Faith: It’s More than a Feeling
Where is the Christian to look for assurance of God’s love? Many Christians think, and are encouraged by their church’s practices, to think that our assurance of God’s love for us and our status and standing before God is to be based on our emotional reactions and feelings. This is a dangerous trap. Here is how it was put a number of years ago, when a Lutheran commented on the problem with Christian churches that point people to their emotional reactions to God’s Word, rather than the objective assurance of the promises of God’s Word. One of the ongoing problems with much of American Protestantism is an emotion-based faith, rather than a means-of-grace faith. Here is why.

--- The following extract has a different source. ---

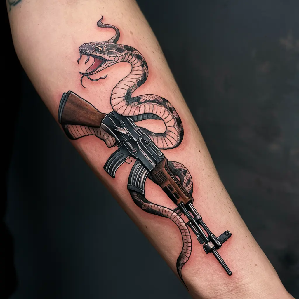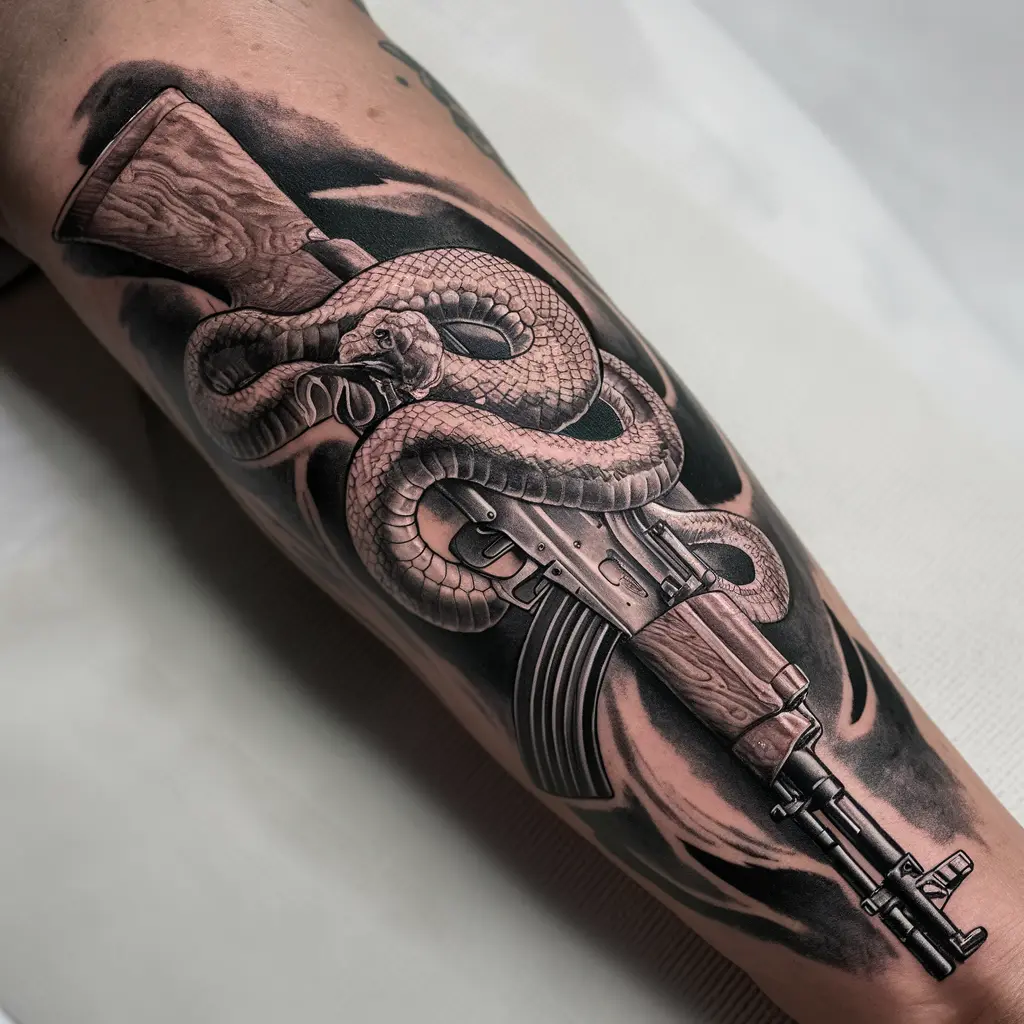 Placement: The best places for this tattoo are on the arm, leg, or spine, where the snake can coil around the AK47 to create movement and flow.

“[Many American Christians] disregard the orderly means of grace, the Word and the Sacraments, and seek the assurance of divine grace and the validation of the divine working of grace in their soul not from out of the Word and Sacraments alone, but chiefly from the feelings of their hearts, which they infer have come down immediately from God. Consider what soul-care, or rather, soul-abuse comes from this. Let’s consider what happens in the case of many Christians. A person has himself baptized, certainly out of an honest longing for salvation and grace, then he’s told to give himself this witness that he’s longed for. When there is a longing after grace, that person is also ready for grace. Then that spark of faith should have been aroused and brought near, in order to be able to joyfully grasp hold of the great promises of God in Baptism. But instead of that, this poor little baptized fellow is now first cast into his own heart, into doubt about grace. That is, since the Holy Ghost is not jumping around in him, or bursting out in laughter, or giving evidence of his presence in some other “sign,” then he is forced to wrestle after the witness of the Holy Ghost. The poor fellow is thrown into anxiety and confusion. He dare not believe that he’s already received the witness of the Holy Ghost with Baptism. He satisfies himself with the outer ceremony and confesses that he has not yet received the witness, but he seeks it. So the poor fellow is misled, to turn with his trust away from the promises of the means of grace ordained by God and instead to trade them for his own deceptive heart. The comfort that baptism is for him is completely lost, and to him it is merely an external ceremony. And what significance can this ceremony have for him when it has not given him what is most important, the assurance of grace? Thus this kind operverse treatment of souls destroys every steadfast assurance on the Word and the promises of God and turns people over to the self-deception of their own hearts. The good fruits awakened through their preaching of repentance is returned again into its seed through their ignorant treatment of souls, and instead of a healthy, well formed man in Christ, he has yet to be born.”
Pastor Schieferdecker, “A Critique of Methodism,” in Der Lutheraner, Volume 1, Number 17, April 1845 (Saint Louis, Missouri), translated by Pastor Joel Baseley. Edited by PTM.